I neutrini potrebbero essere la chiave di volta della situazione. Molti fisici teorici ritengono che trovare la violazione di CP e studiarne le proprietà nel settore dei neutrini potrebbe essere importante per comprendere l’asimmetria attuale tra la materia e l’antimateria.

I neutrini sono gli elementi più inconsistenti, bizzarri e sfuggenti della natura. Queste particelle subatomiche sono emerse dal Big Bang e fuoriescono continuamente dal Sole, dalle stelle che esplodono e da altre catastrofi cosmiche: inondano l’Universo e trapassano i muri e il nostro corpo a miliardi ogni secondo.
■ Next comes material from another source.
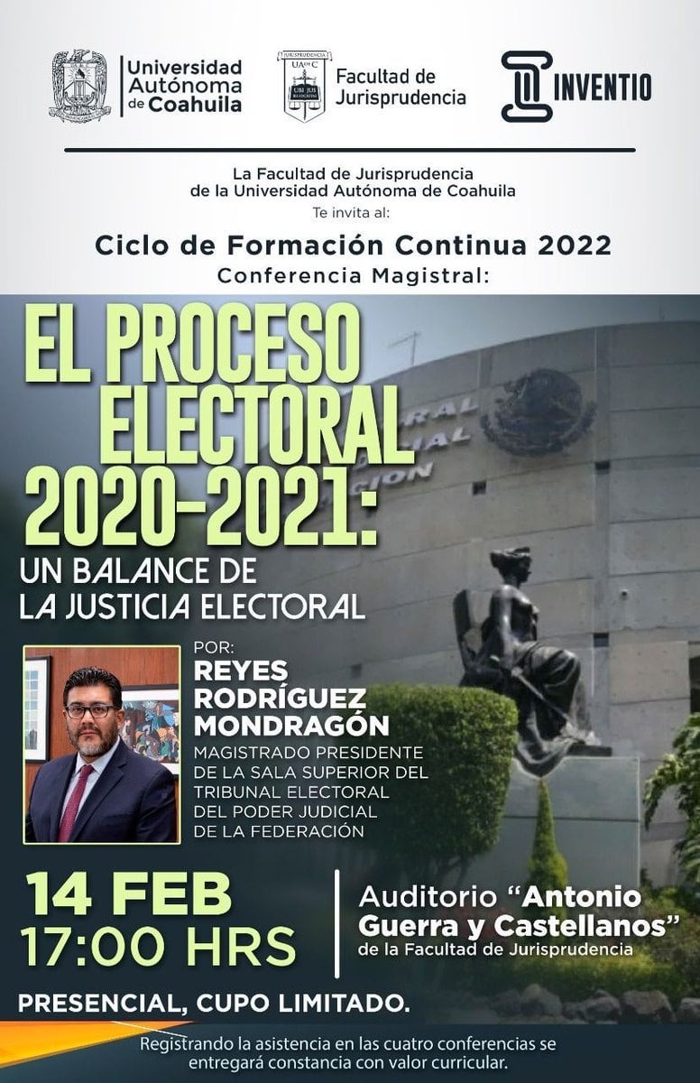 SALTILLO, Coahuila. 4 de febrero de 2022.- Como parte del Ciclo de Formación Continua 2022, la Facultad de Jurisprudencia de la Universidad Autónoma de Coahuila, invita a la comunidad universitaria y sociedad en general a la conferencia magistral “El proceso electoral 2020-2021: Un balance de la justicia electoral”, que se llevará a cabo el 14 de febrero a las 17:00 horas en el auditorio “Antonio Guerra y Castellanos” del plantel.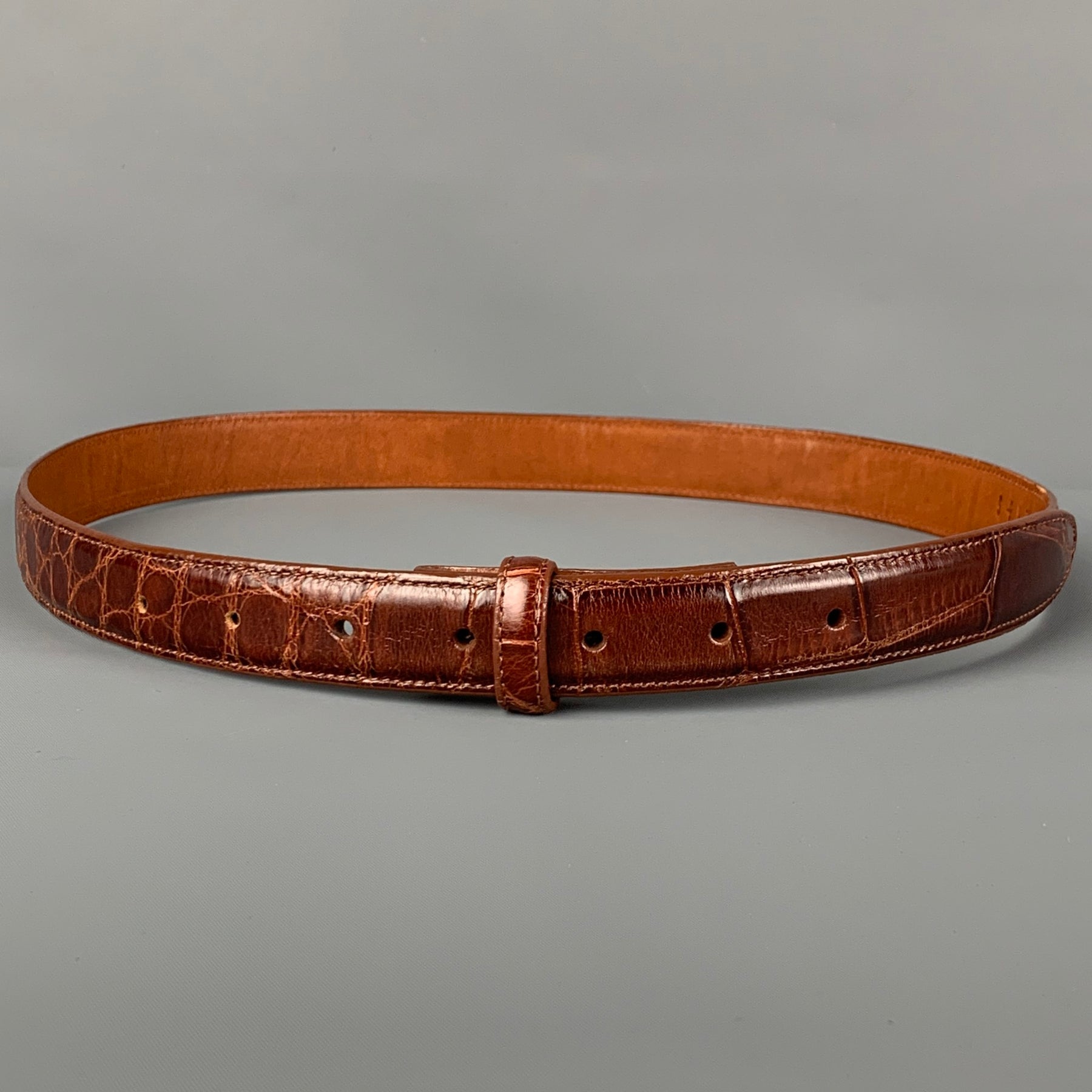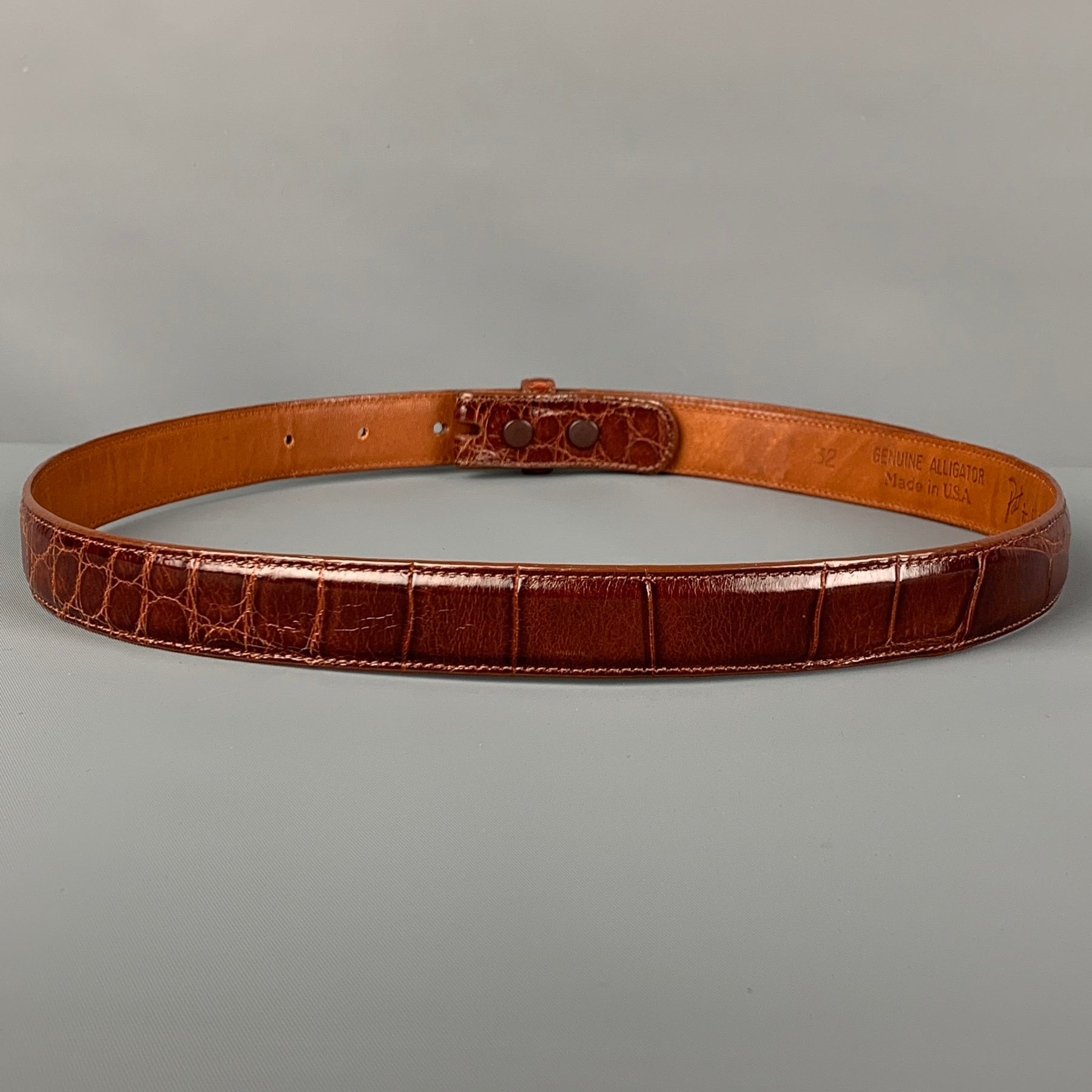 PAT AREIAS Size 32 Brown Textured Alligator Leather Belt Strap

Alcuni esperimenti effettuati in Giappone hanno scoperto una leggera ma significativa differenza tra i neutrini e i loro opposti, gli antineutrini. Ciò fa pensare che nei primi momenti dell’Universo queste particelle potrebbero aver rovesciato l’equilibrio tra la materia e l’antimateria.

Si tratta però soltanto di un primo passo per la comprensione di questo mistero insito nell’Universo. Questa discrepanza è soltanto una delle numerose condizioni necessarie come soluzione al problema. Serviranno ulteriori esperimenti per dirimere con più efficacia la questione.